= Beginning of Section =

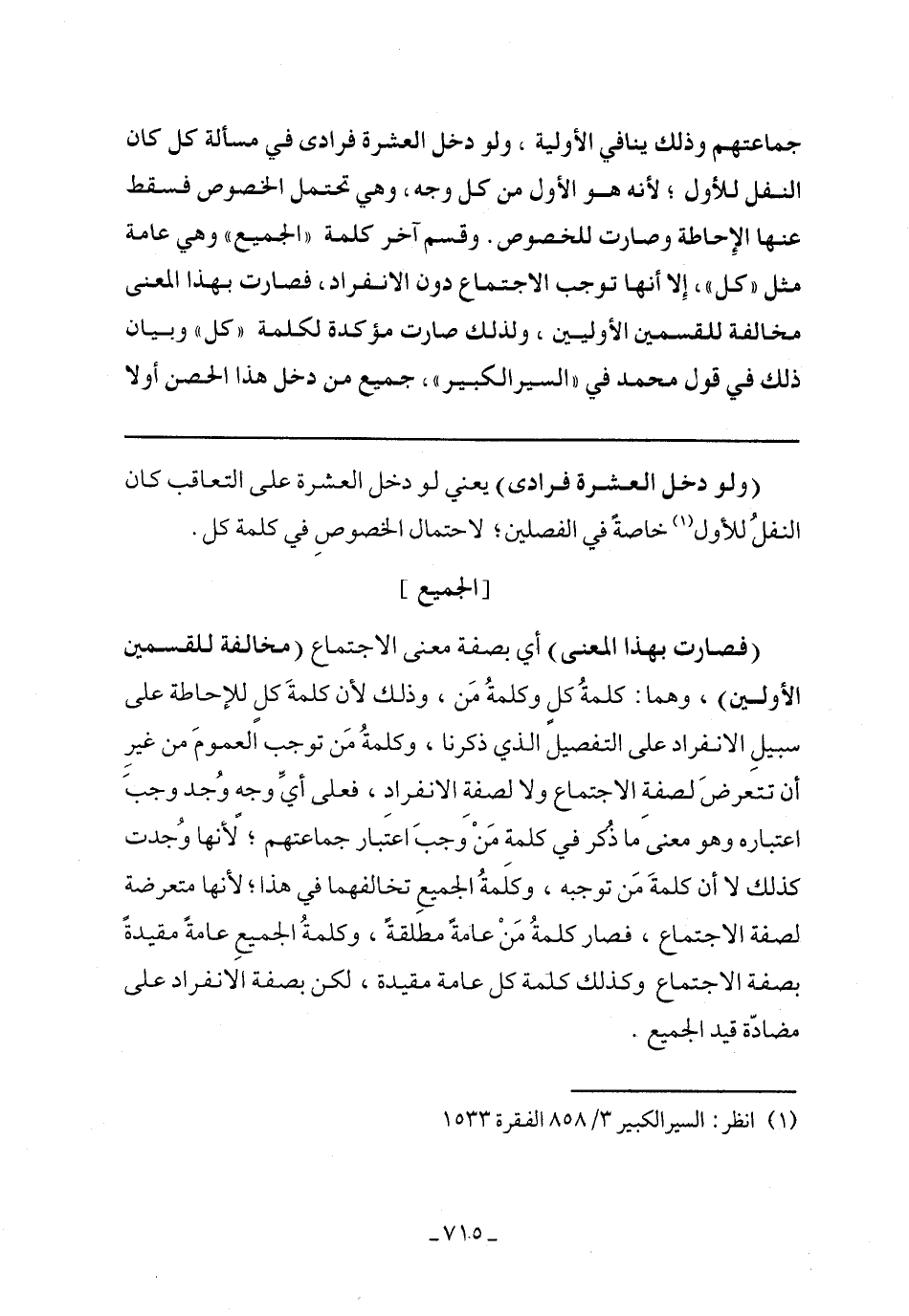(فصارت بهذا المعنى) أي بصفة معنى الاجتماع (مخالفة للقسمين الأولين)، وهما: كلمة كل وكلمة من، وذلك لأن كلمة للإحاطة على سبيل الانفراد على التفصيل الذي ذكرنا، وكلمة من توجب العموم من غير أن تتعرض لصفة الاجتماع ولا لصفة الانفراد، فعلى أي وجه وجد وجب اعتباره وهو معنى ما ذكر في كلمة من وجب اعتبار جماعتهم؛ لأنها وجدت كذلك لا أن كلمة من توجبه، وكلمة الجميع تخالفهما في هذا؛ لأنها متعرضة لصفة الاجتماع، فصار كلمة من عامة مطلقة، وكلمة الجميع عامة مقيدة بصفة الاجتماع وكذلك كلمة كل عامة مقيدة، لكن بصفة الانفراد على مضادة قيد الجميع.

= End of Section =
= Beginning of Section =

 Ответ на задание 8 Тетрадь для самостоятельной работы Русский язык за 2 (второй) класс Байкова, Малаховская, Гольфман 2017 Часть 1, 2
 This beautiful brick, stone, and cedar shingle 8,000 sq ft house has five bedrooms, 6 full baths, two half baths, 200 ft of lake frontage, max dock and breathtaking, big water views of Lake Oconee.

= End of Section =

WHAT THE EXERCISE ASKS:
Beginning with the line above that contains "Ответ на задание", copy each line exactly up to and including the line that contains "This beautiful brick, stone, and", and go no further.

ANSWER FOR THIS EXERCISE:
 Ответ на задание 8 Тетрадь для самостоятельной работы Русский язык за 2 (второй) класс Байкова, Малаховская, Гольфман 2017 Часть 1, 2
 This beautiful brick, stone, and cedar shingle 8,000 sq ft house has five bedrooms, 6 full baths, two half baths, 200 ft of lake frontage, max dock and breathtaking, big water views of Lake Oconee.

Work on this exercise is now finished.